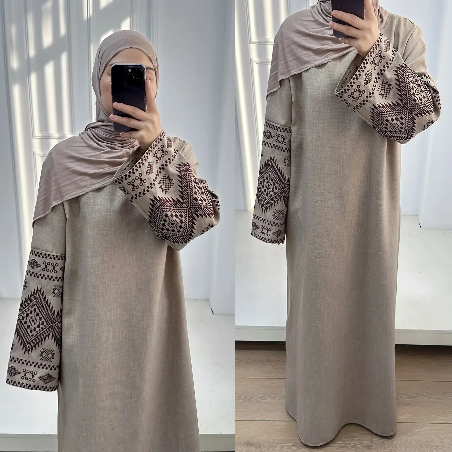 Le Djellaba “Sable d’Orient” est l’incarnation parfaite du style néo-traditionnel. Confectionnée dans un tissu en lin mélangé de haute qualité, elle offre une texture naturelle et une tenue impeccable. Sa teinte crème (off-white) apporte une luminosité instantanée, tandis que les broderies géométriques complexes de couleur marron chocolat sur les manches créent un contraste élégant et artisanal.
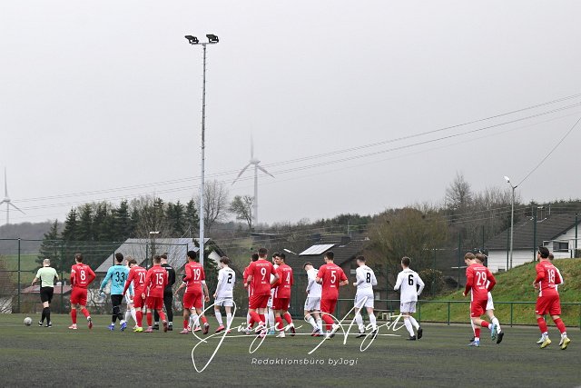 Fussball, Bezirksliga Ost, SG Malberg (rot) vs. TuS Asbach (weiß), 14.03.2026 | ||
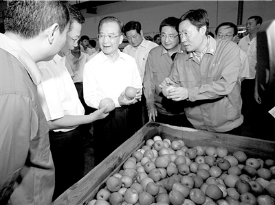 渭北高原因其獨特的自然條件盛產(chǎn)優(yōu)質(zhì)紅富士蘋果。陜西華圣果業(yè)公司是一家以蘋果產(chǎn)業(yè)為主業(yè)的高科技農(nóng)業(yè)產(chǎn)業(yè)化企業(yè)。這家企業(yè)采取“公司+基地+農(nóng)戶”的方式,先后在20多個蘋果生產(chǎn)縣建立了基地,帶動果農(nóng)10萬多戶。他們推廣使用蘋果套袋技術(shù),解決蘋果表皮粗糙、果色老化和易于污染的問題。企業(yè)擁有國內(nèi)最大、最先進的氣調(diào)保鮮庫,有一半產(chǎn)品出口國外。溫家寶考察了企業(yè)的保鮮庫和分選車間。在分選車間,一箱箱去年采摘的蘋果剛剛出庫,準備在今年蘋果收獲季節(jié)前的空當上市銷售。雖然在保鮮庫里儲藏了一年,但蘋果色澤鮮艷如新。溫家寶向企業(yè)負責(zé)人詳細詢問了蘋果出口量、價格的變化情況,考察了蘋果質(zhì)量檢測程序。溫家寶對大家說,我一邊在車間看蘋果,一邊思索國內(nèi)外的經(jīng)濟走勢。小蘋果可以看出大問題。蘋果的銷售離不開消費市場,而消費市場穩(wěn)定又離不開經(jīng)濟穩(wěn)定。從蘋果外銷市場的變化可以看出世界經(jīng)濟的變化,F(xiàn)在世界經(jīng)濟開始復(fù)蘇,但進程非常緩慢,還有很多不確定性。我們既要擴大內(nèi)需,又必須穩(wěn)定外需,兩者不可偏廢。面對世界經(jīng)濟風(fēng)云變幻,企業(yè)要有多元化的銷售渠道,多元化的品種結(jié)構(gòu),適應(yīng)不同消費群體的需要,這樣才能“東方不亮西方亮,黑了南方有北方”。
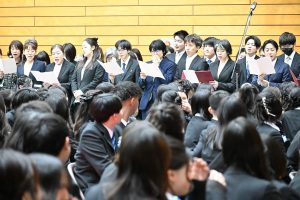 最後に教員が『ふるさと』(嵐)の合唱を贈り、感動的な式典となりました。
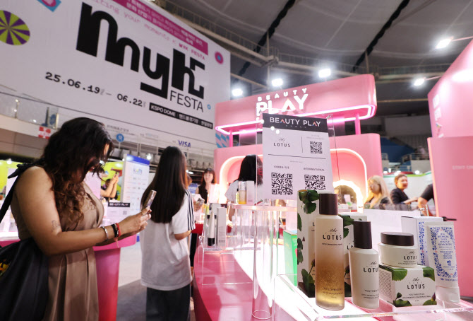 지난달 19일 서울 송파구 올림픽공원 핸드볼경기장에서 열린 2025 마이케이 페스타(MyK FESTA)를 찾은 외국인이 전시된 화장품을 살펴보고 있다. (사진=연합뉴스)
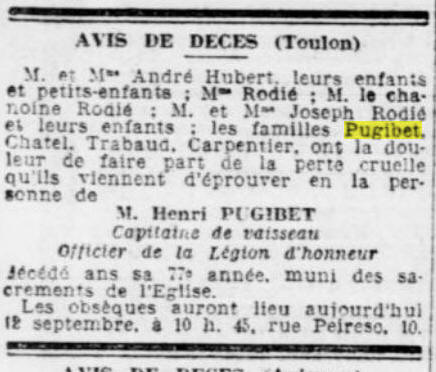 GIGEAN (Hérault) - Décédé le 11 septembre 1926 à TOULON (Var)
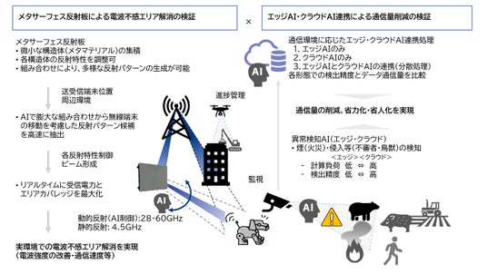 本実証では、通信環境に応じた異常検知エッジ・クラウドAI(※1)の分散処理により、通信量の削減効果を検証するとともに、メタサーフェス反射板(※2)での送受信端末位置に応じた適応的な電波反射方向制御により不感エリア解消の効果を検証します。

> WORK ORDER
Output only the lines from the start of the data through the line that holds "Fussball, Bezirksliga Ost, SG". Keep them exact and leave the pictures out.

> WORKED SOLUTION
 Le Djellaba “Sable d’Orient” est l’incarnation parfaite du style néo-traditionnel. Confectionnée dans un tissu en lin mélangé de haute qualité, elle offre une texture naturelle et une tenue impeccable. Sa teinte crème (off-white) apporte une luminosité instantanée, tandis que les broderies géométriques complexes de couleur marron chocolat sur les manches créent un contraste élégant et artisanal.
 Fussball, Bezirksliga Ost, SG Malberg (rot) vs. TuS Asbach (weiß), 14.03.2026 | ||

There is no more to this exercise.